-------- ENTRIES PROVIDED --------
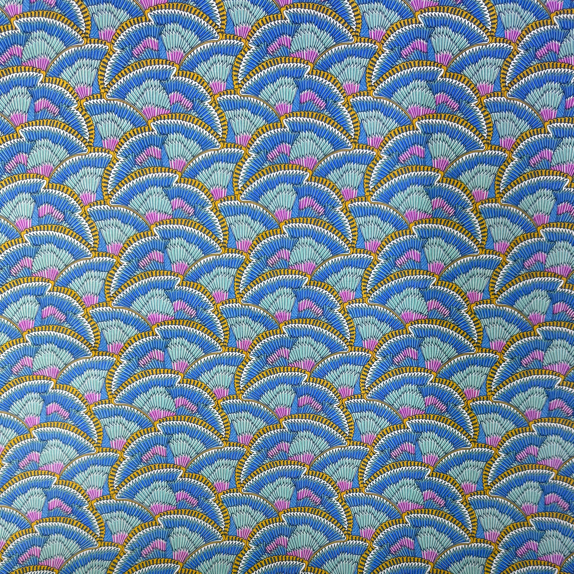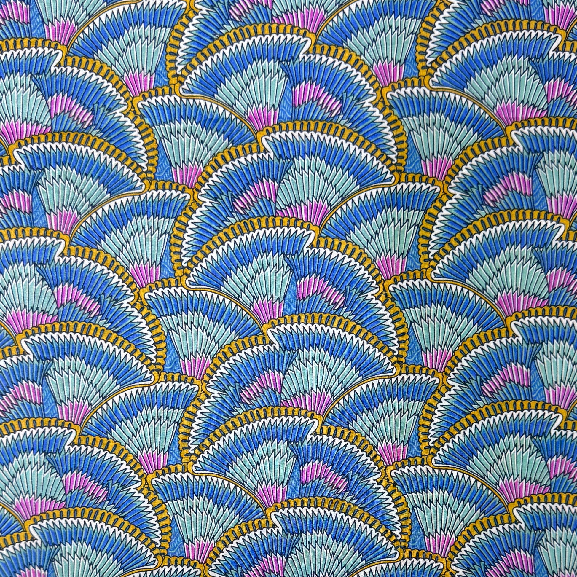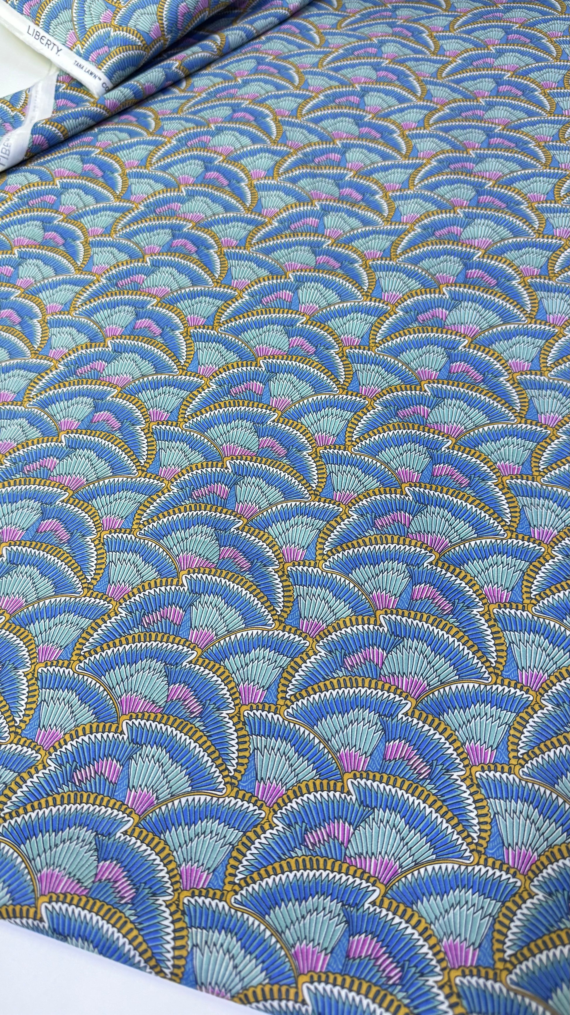 The wing-like shapes of this immersive pattern almost seem to rise and unfold in unison, creating a complex choreography of form. Referencing the classical myth of Icarus, the design was derived from an archival Liberty piece from the late 1980s, with each element meticulously redrawn to retain the intricate linework of the original. Icarus is part of the Universe story of our Autumn/Winter 2023 collection - reflecting the enduring symbolic power of stories to explain the world around us, these designs capture a realm of fierce passion and drama.
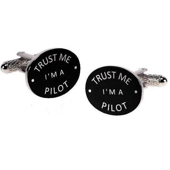 Comes in a stylish gift boxCufflinks with TRUST ME I'M A PILOT on them.
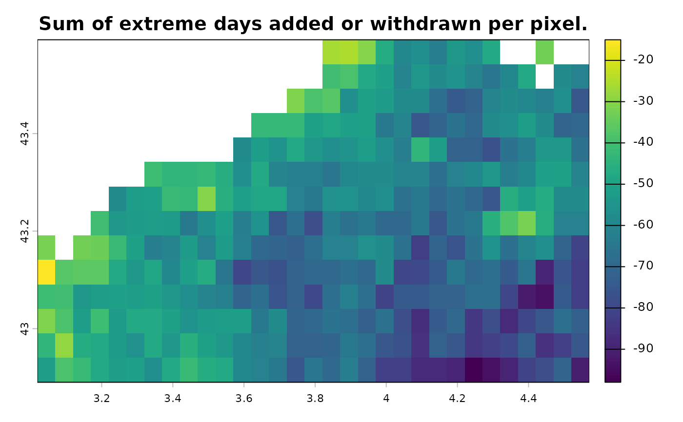 BEE.calc.corrections.RdIt computes the number of modifications between the raw binerised Spatraster and the Spartraster produced using the BEE.id.extreme_events().
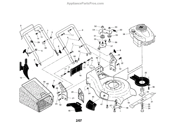 Parts for Craftsman 917389962: Engine / Housing / Handle / Grassbag Parts
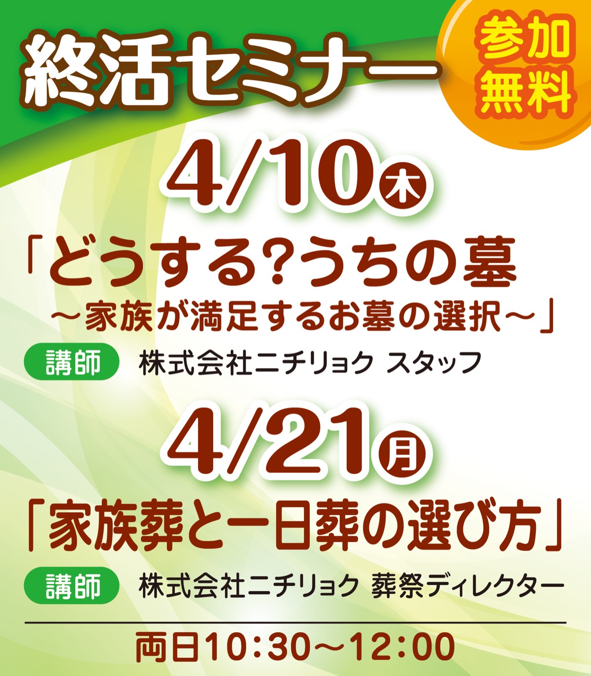 4月10日(木)は「どうする?うちのお墓〜家族が満足するお墓の選択〜」がテーマ。同社スタッフが講師となり、お墓の種類や希望に合うお墓の選び方等幅広く説明。様々なお墓に関する悩みや相談にも対応する。午前10時30分から正午まで。
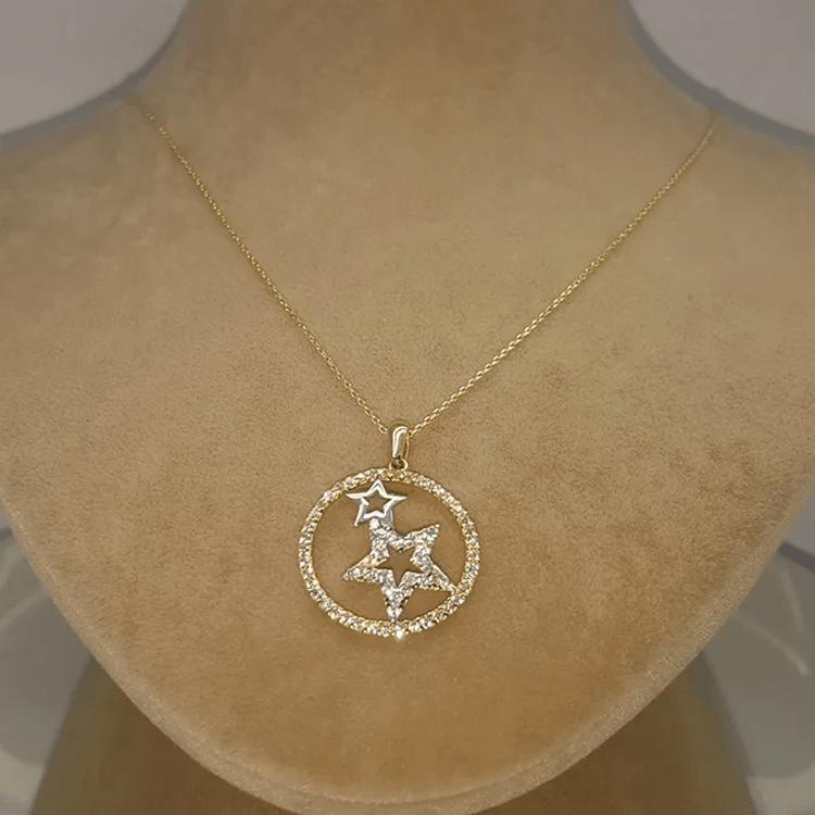 Altın Kolye Modelleri modellerinden Çember İçinde 2 Yıldız Kolye ürünümüz,
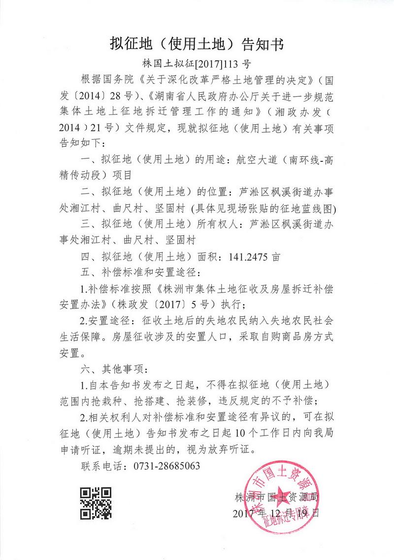 拟征地告知书--航空大道(南环线-高精传动段)项目
--------
*TASK*.
With the pictures left out, write out exactly the lines from the line containing "Parts for Craftsman" through the last line of the entries above, both ends included, and no others.

*ANSWER FOR THE TASK*.
 Parts for Craftsman 917389962: Engine / Housing / Handle / Grassbag Parts
 4月10日(木)は「どうする?うちのお墓〜家族が満足するお墓の選択〜」がテーマ。同社スタッフが講師となり、お墓の種類や希望に合うお墓の選び方等幅広く説明。様々なお墓に関する悩みや相談にも対応する。午前10時30分から正午まで。
 Altın Kolye Modelleri modellerinden Çember İçinde 2 Yıldız Kolye ürünümüz,
 拟征地告知书--航空大道(南环线-高精传动段)项目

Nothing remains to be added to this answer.